From: Stefan Berger <stefanb@linux.vnet.ibm.com>
To: "Michael S. Tsirkin" <mst@redhat.com>
Cc: chrisw@redhat.com, anbang.ruan@cs.ox.ac.uk,
qemu-devel@nongnu.org, rrelyea@redhat.com, alevy@redhat.com,
andreas.niederl@iaik.tugraz.at, serge@hallyn.com
Subject: Re: [Qemu-devel] [PATCH V8 01/14] Support for TPM command line options
Date: Thu, 01 Sep 2011 21:01:32 -0400 [thread overview]
Message-ID: <4E602AEC.8070805@linux.vnet.ibm.com> (raw)

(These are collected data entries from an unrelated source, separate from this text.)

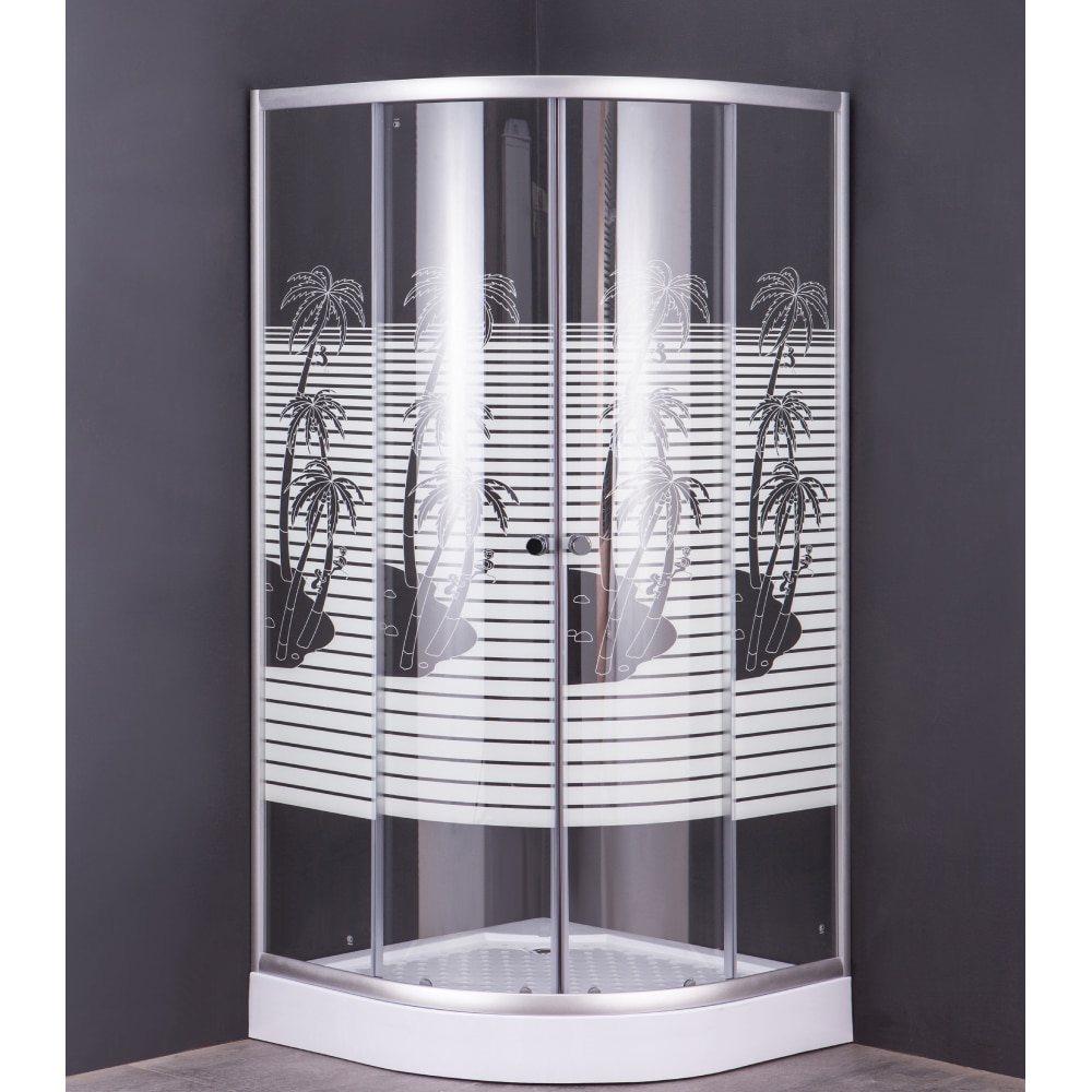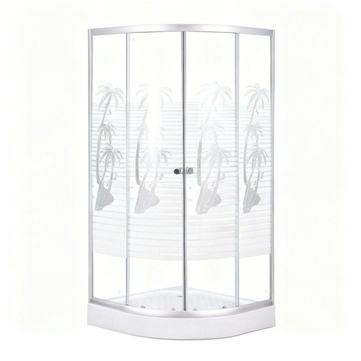 Cabina De Dus Simpla Semirotunda Porto, Sticla Serigrafiata 4 Mm Model Palmieri, 90X90X195 Cm, Profil Argintiu, Cadita Joasa Si Sifon Incluse
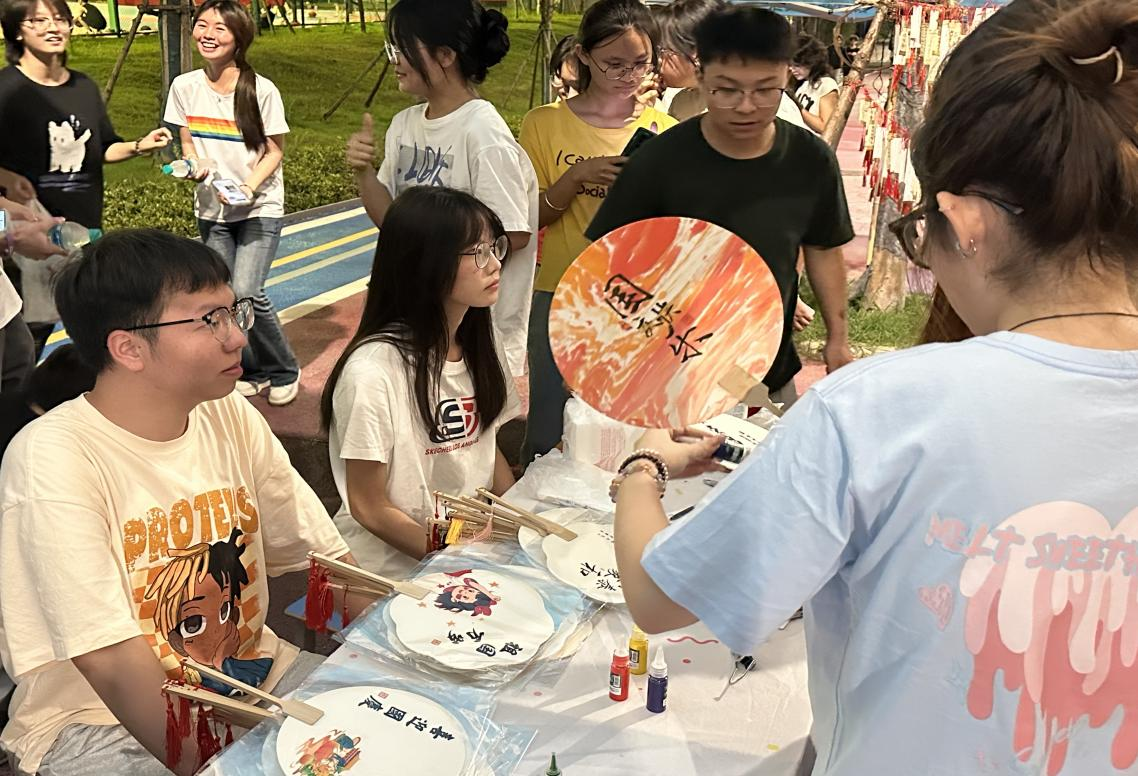 活动现场专门设置了漆扇制作体验区,同学们在工作人员的指导下,动手制作属于自己的漆扇。大家小心翼翼地描绘着图案,感受着大漆与扇面的奇妙融合。一位参与体验的同学表示:“在国庆假期能够参与这样的活动,不仅让我了解了漆扇这一非遗文化,还亲手制作了一份特别的礼物,非常有意义。”
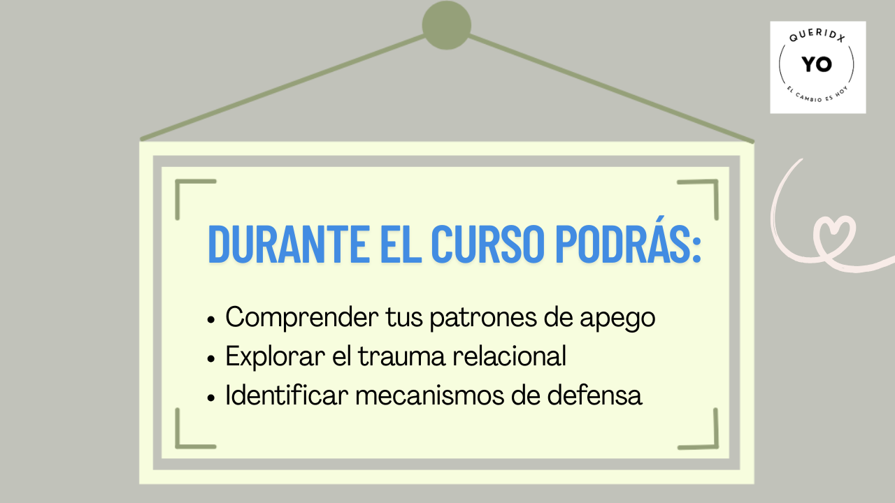 Este curso fue diseñado para brindar un espacio seguro donde puedas comprender cómo el apego, el trauma relacional y los mecanismos de defensa influyen en tus heridas emocionales y en tus procesos de reconciliación. A lo largo de este proceso, trabajarás en la validación de tu historia y en la construcción de conexiones más seguras, facilitando el camino hacia el perdón —hacia ti y hacia otrxs.
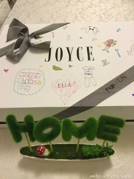 任达华的女儿也是一件小棉袄,给爸爸的礼物盒子是自己手工装饰的。这字写得非常板报体啊。
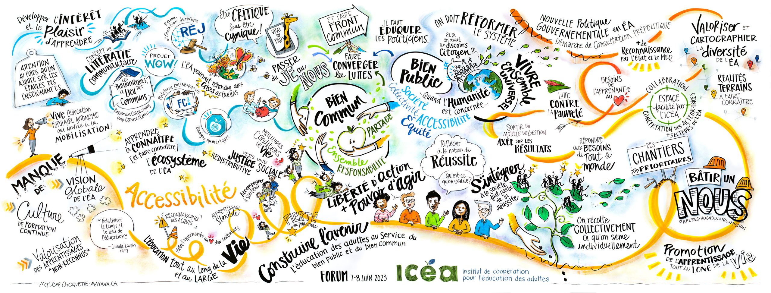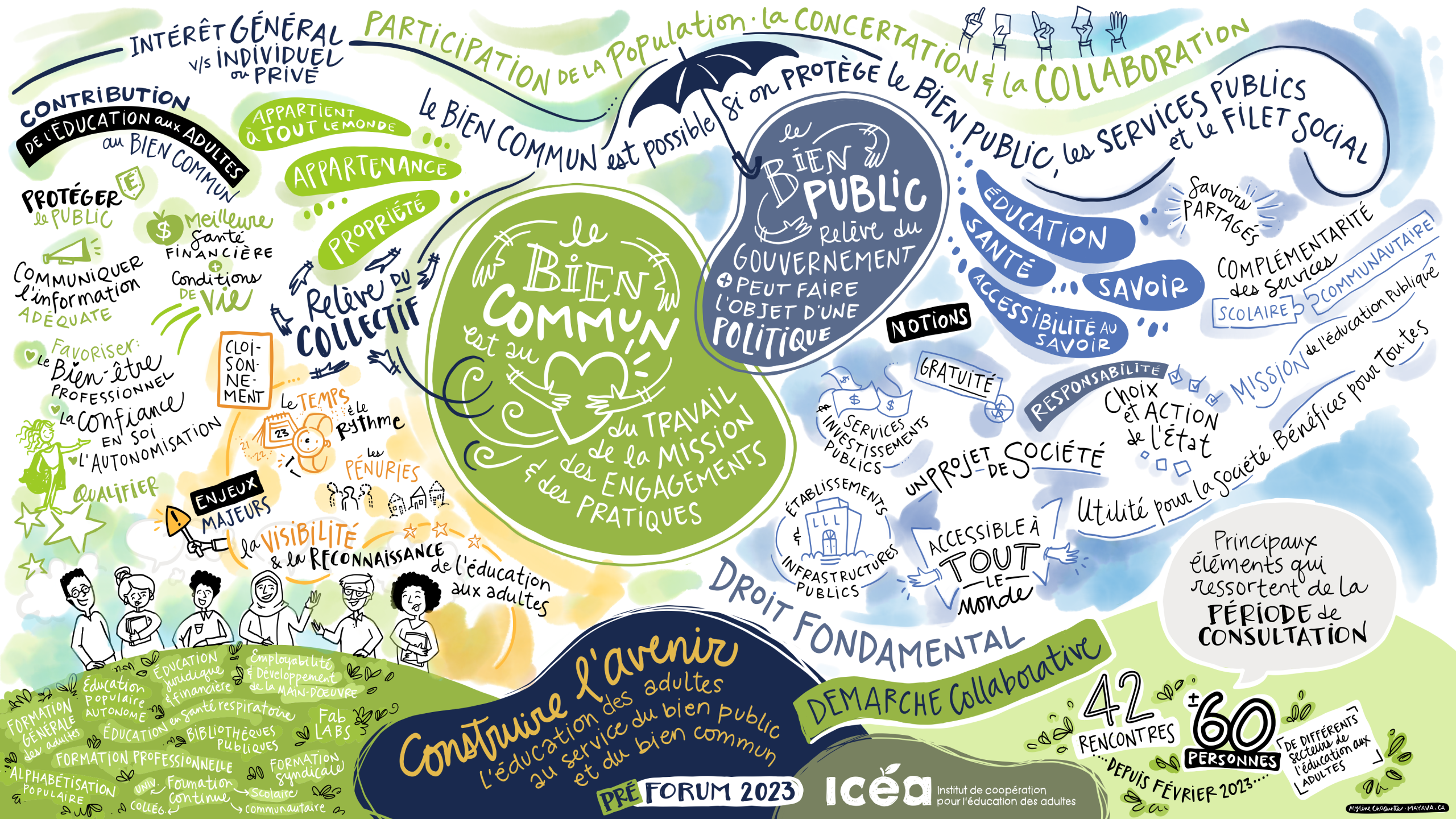 Avant le forum, une fresque a été réalisée par Mylène Choquette (Mayava) pour résumer la démarche et synthétiser les éléments de définition du bien public et du bien commun qui ressortent des entretiens effectués.
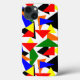 Esta capa de telefone tem um design Bauhaus de uma colagem de triângulos em vermelho, amarelo, laranja, azul e verde.
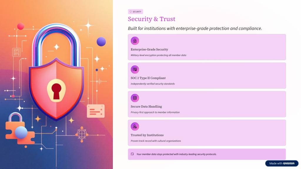 SECURITY Security & Trust Built for institutions with enterprise-grade protection and compliance. Enterprise-Grade Security Military-level encryption protecting all member data SOC 2 Type II Compliant Independently verified security standards Secure Data Handling Privacy-first approach to member information Trusted by Institutions Proven track record with cultural organizations Your member data stays protected with industry-leading security protocols.
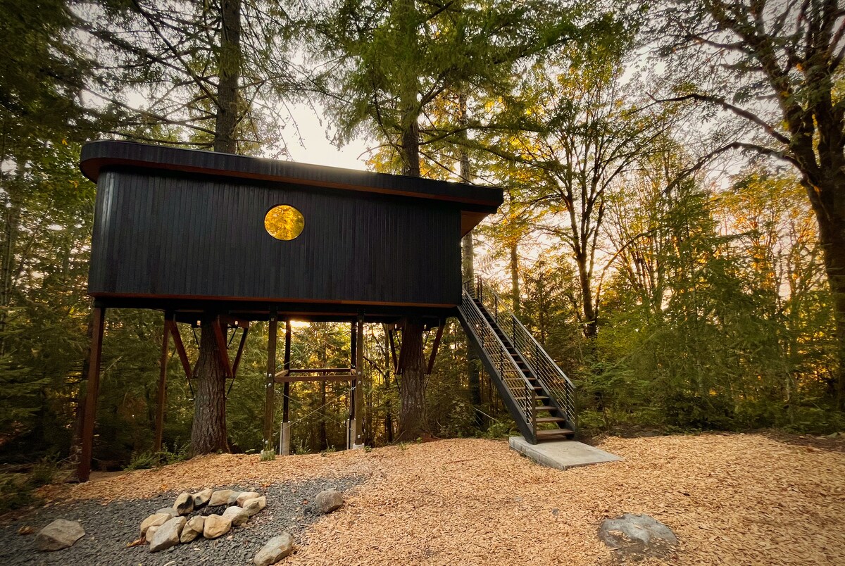 Featured on Treehouse Masters, this magical retreat was built by Pete Nelson in 2017. The glowing wood interior and windows extend from floor to soaring ceiling inside this cozy yet luxurious treehouse. Tucked away on thirty forested acres, the airy interior is comfortably furnished and bursting with natural light. Equipped with an outdoor hot shower, Wi-Fi, a 100 inch screen/projector, and hot tub, you can truly get away from it all among lush evergreens just 10 minutes from Redmond.
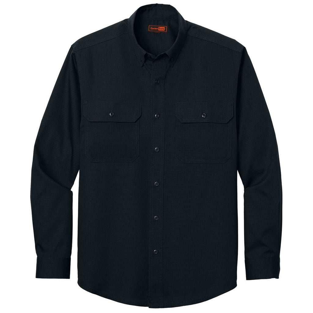 CornerStone Men's Navy Blue Long Sleeve Select Ripstop Shirt with a corporate logo creates a professional yet durable look for those with the toughest jobs. Whether a job foreman or the ones getting their hands dirty, this ripstop shirt is a must-have. Stain-release and reinforced stitching make all the difference. Place an order today.Highlights
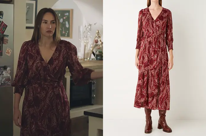 Rose (Vanessa Demouy) prend la défense de Souleymane dans Ici tout commence 284. Elle porte une robe cache-cœur imprimée dans des teintes bordeaux.
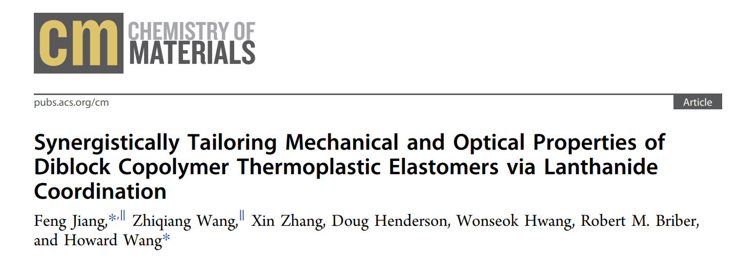 近日,安徽农业大学生物质分子工程中心蒋峰副教授与马里兰大学王浩教授通过可逆加成-断裂链转移(RAFT)聚合和稀土配位的方法,构建了一系列具有优异力学性能和荧光性能的两嵌段弹性体材料。通过控制软硬段之间的分子量以及稀土离子比例可以高效控制弹性体材料的强度、韧性以及多变的荧光性能。通过稀土配位,两嵌段弹性体的拉伸强度最高可达10.6 MPa,拉伸韧性可达32 MJ/m3,并且在紫外光照下材料可以在红色和绿色荧光之间进行有效的调控。通过原位小角X-射线散射(SAXS)实验研究了这种两嵌段荧光弹性体在不同拉伸过程中的结构演化,揭示了其在拉伸和回复过程中硬段相聚集体之间的距离变化。相关工作以“Synergistically Tailoring Mechanical and Optical Properties of Diblock Copolymer Thermoplastic Elastomers via Lanthanide Coordination”为题发表于权威期刊Chemistry of Materials(中科院一区,影响因子9.811),其中安徽农业大学的硕士研究生王志强为论文的共同第一作者。
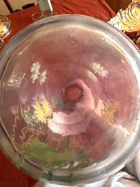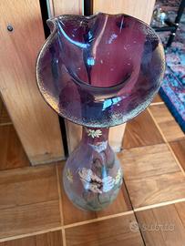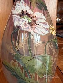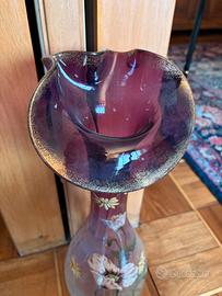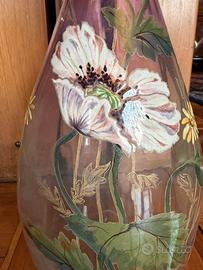 Questo raffinato oggetto è un vaso in vetro smaltato in stile Art Nouveau, risalente alla fine del XIX o all'inizio del XX secolo Dettagli del Design Attribuzione: Questo tipo di lavorazione è caratteristico dei laboratori di François-Théodore Legras a Saint-Denis, spesso commercializzati sotto il marchio Mont Joye. Materiali e Tecnica: Il vaso presenta un vetro color ametista (viola intenso) sul collo che sfuma verso il trasparente alla base. È decorato con motivi floreali smaltati e dipinti a mano, come papaveri e margherite, arricchiti da rifiniture in oro. Forma: La sommità ondulata e svasata è un elemento distintivo di questo stile, talvolta descritta come "orchid-shaped collar" o "jack-in-the-pulpit"
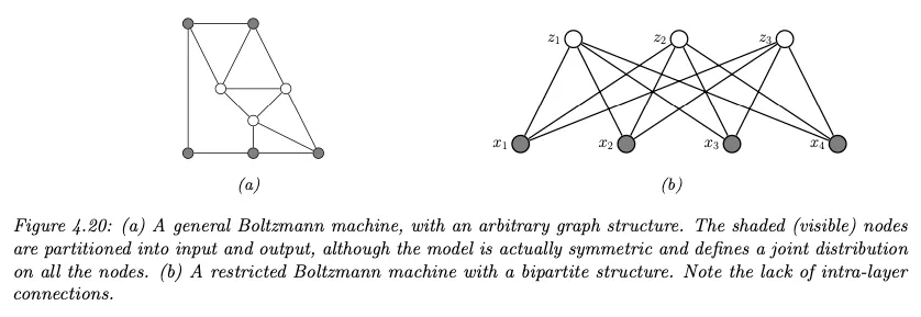 이에 대한 대안으로 잠재 변수를 추가한 것이 바로 Boltmann Machine이다. 여기서 그래프 구조는 임의적일 수 있으나 격자는 허용되지 않는다. 아래 그림 참조. 색상이 있는 점이 visible 변수이고, 흰색이 latent 변수이다.
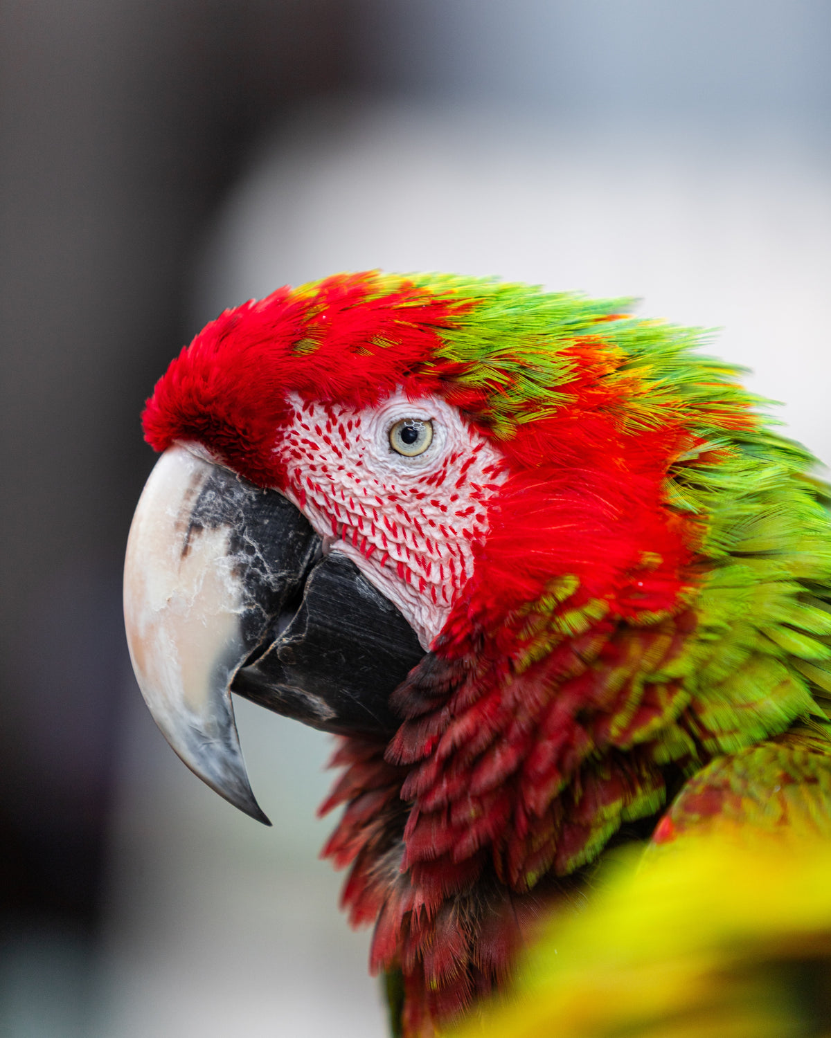 Buff-winged Macaw (Ara ambigua) — A large, powerful macaw native to the rainforests of Central and South America, also known as the Great Green Macaw. It is recognized by its predominantly green body, pale buff-colored wing feathers, red forehead, and strong black-and-ivory beak.
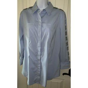 Chicos Button Down Beaded Sleeve Blouse Tunic Top Sz 0 (SMALL) Blue Stretch EUC
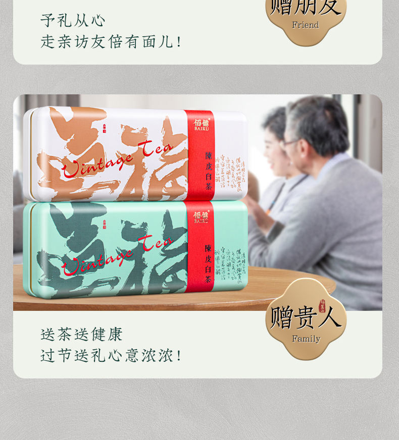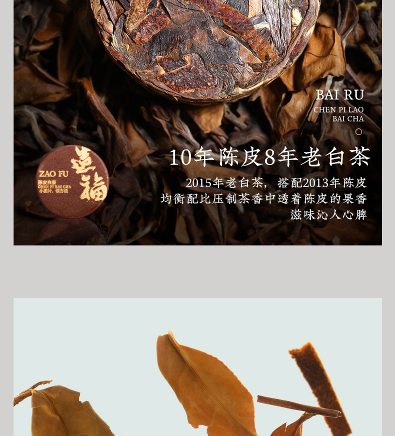 佰儒 福鼎白茶 陈皮白茶老寿眉茶叶256g*2盒
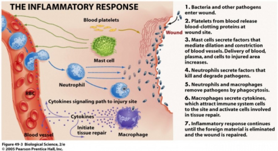 The damaged tissue releases chemical mediators such as Histamine, Bradykinin and Serotonin. These have the effect of increasing local capillary flow and venous wall permeability which in turn allows fluids and free proteins (resultant of damage) to “leak” into adjacent tissues. This causes the noted “swelling” we recognize post injury. Mediators also assist with coagulation of material and subsequent “walling off” of the inflammatory site, preventing expansion into neighboring healthy tissue. Lastly the mediators signal the influx of Macrophages (short duration cells/hours days) and Neutrophils (long acting cells/days weeks) to the area which kill any invading bacteria and begin the “digestive“ process of ridding the area of dysfunctional cells. This paves the way for the influx of “Colony Substances” to start regeneration (Guyton. Textbook of Medical Physiology. W.B.Saunders Comp. 6thEdi, 1981).

In-Reply-To: <20110901171432.GD10989@redhat.com>
On 09/01/2011 01:14 PM, Michael S. Tsirkin wrote:
> On Wed, Aug 31, 2011 at 10:35:52AM -0400, Stefan Berger wrote:
>> This patch adds support for TPM command line options.
>> The command line supported here (considering the libtpms based
>> backend) are
>>
>> ./qemu-... -tpm builtin,path=<path to blockstorage file>
>>
>> and
>>
>> ./qemu-... -tpmdev builtin,path=<path to blockstorage file>,id=<id>
>> -device tpm-tis,tpmdev=<id>
> do we really need both?
I had chatted with Anthony about this. I am following the existing
pattern is use for example for -netdev / -net.
>> and
>>
>> ./qemu-... -tpmdev ?
>>
>> where the latter works similar to -soundhw ? and shows a list of
>> available TPM backends ('builtin').
>>
>> To show the available TPM models do:
>>
>> ./qemu-... -tpm model=?
> Can we live with -tpmdev for backend and plain device_add for frontend?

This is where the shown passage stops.